HBO’s recently-aired series of films entitled Weight of the Nation is another wake up call about overweight Americans. By now the statistics are familiar, and the series doesn’t provide much data that isn’t already well-known.
Two out of three adult Americans (and one in three children) are overweight or obese, which will result in adverse health consequences for individuals and enormous social costs for society if we don’t change our ways.
Nothing new there. But what the series does do, usefully, is shift attention away from weak-willed individuals to the systemic causes of obesity. Industrial food production and modern advertising are to blame because the excess corn sugar, fat, and salt used in food production is dangled in front of an easily-influenced public by billions of dollars of commercials designed to make their poison irresistible.
And irresistible it is. Human beings are genetically programmed to seek as much fat, sugar, and salt as possible. Willpower alone is obviously not sufficient to overcome our natural propensity to overeat.
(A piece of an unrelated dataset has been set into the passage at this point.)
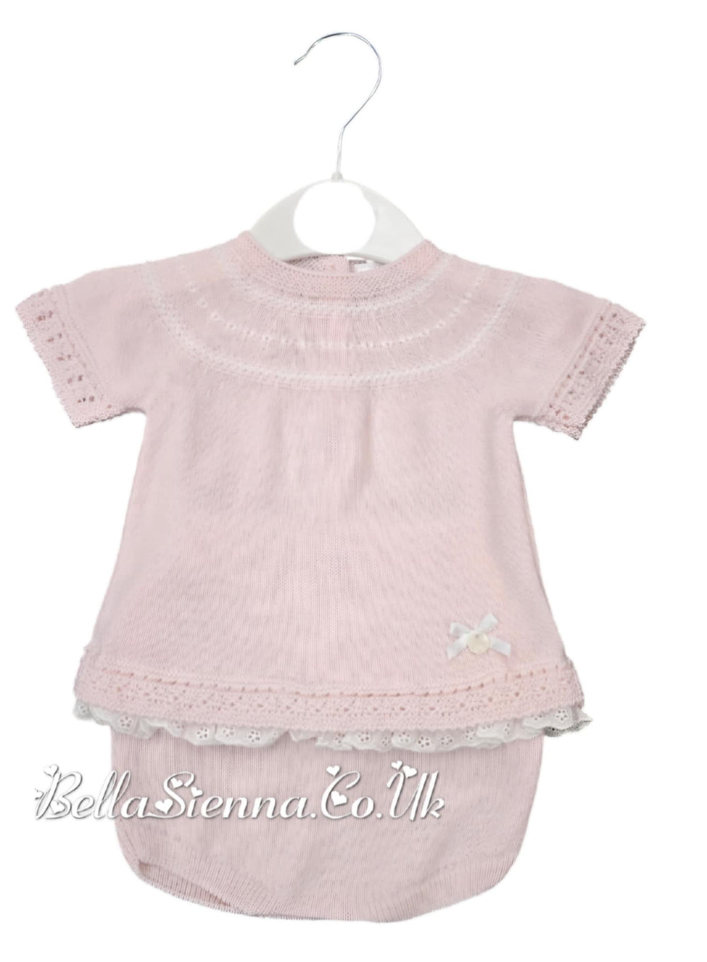 Pale Pink & White Knitted Two Piece Set With Bow - B0556

However, the films are short on solutions. Carping about personal responsibility is useless. Most diets don’t work. Incentives such as higher taxes on unhealthy foods or regulations, such as New York Mayor Bloomberg’s proposal to ban the sale of sugar-sweetened beverages over 16 oz., are unlikely to work since people are good at finding alternative means to satisfy cravings. (Some defenders of regulations like to point to declines in cigarette smoking as an example of how regulations and price have influenced behavior. But cigarettes and foods are fundamentally different. No one is genetically programmed to smoke.)
So what is the solution? Instead of trying to eliminate our craving for unhealthy food, why not change the way we consume it. The problem is not that fat, sugar, or salt are inherently bad. The problem is that we consume too much of them. So why not develop a liking for small plates—known in Spanish cuisine as tapas?
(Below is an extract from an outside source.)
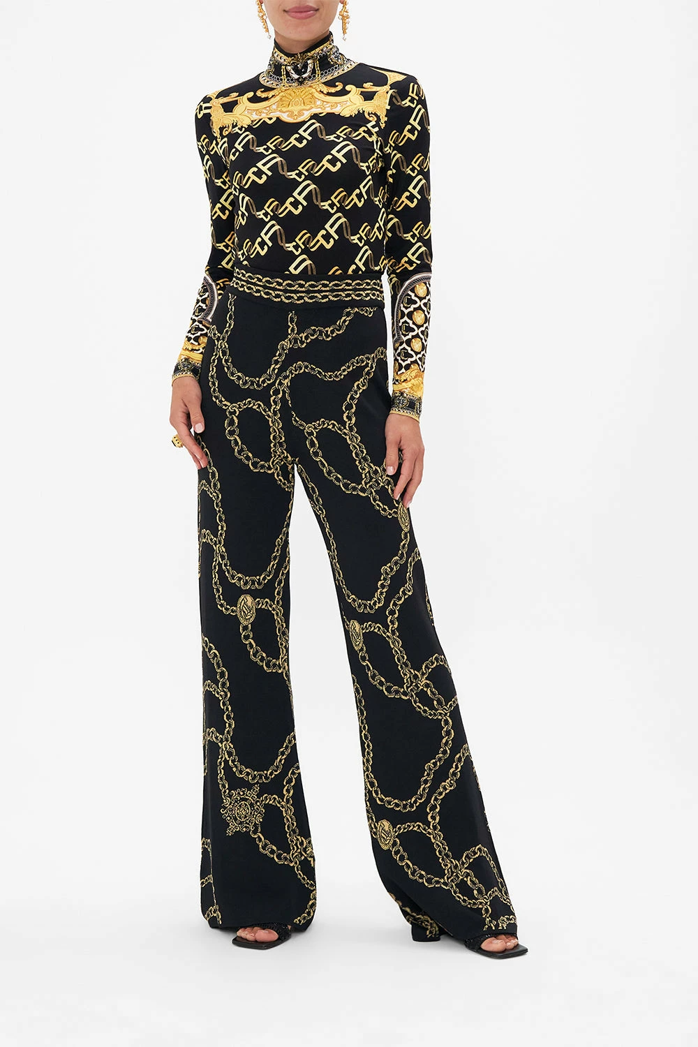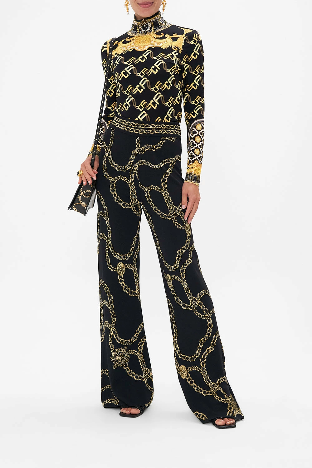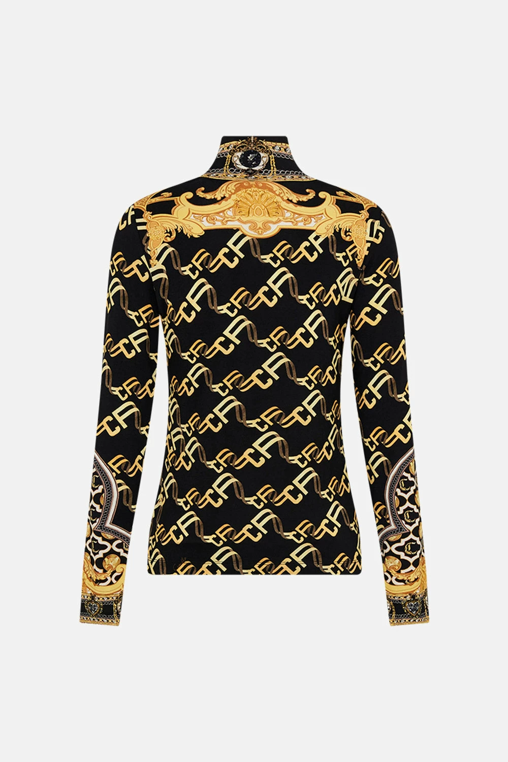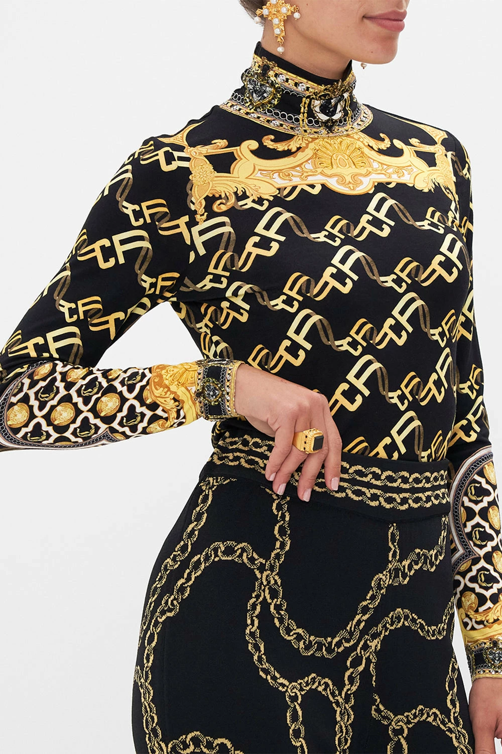 The Tether Me Not Jersey Turtleneck is an immersion into a elaborately opulent world of sleek palatial curves, offset with sharp monogram mosaics. Gilded baroque adornments and chains glimmer against graphically bold onyx and ivory contrasts. Adorning hand-embellished CAMILLA crystals, this luxury turtleneck features a full sleeve, a fitted bodice that hugs your waist and curves, a high neckline and a silhouette that falls effortlessly to the hip. Lovingly handcrafted and designed in Australia, explore more from The Moral Of The Story: Act II collection.

Tapas are appetizer-like portions that focus on the development of simple or complex flavors, and several dishes are served at the same time to give diners a variety of taste sensations. Every craving can be satisfied with just a few bites. And a proper assortment contains variety—vegetables, seafood, meat, bread, etc.—a good tapas meal is balanced so that no particular flavor or texture overwhelms. And that means we are less likely to eat too much of something we shouldn’t.
We need to get over our passion for “big” things and think small. It is often assumed that changes in values drive changes in taste. But, in fact, a change in our aesthetic sensibilities might contribute to a healthy change in values.
Perhaps Mayor Bloomberg should mandate a tapas bar at every McDonalds. On second thought, that is a frightening image for those of us who love tapas.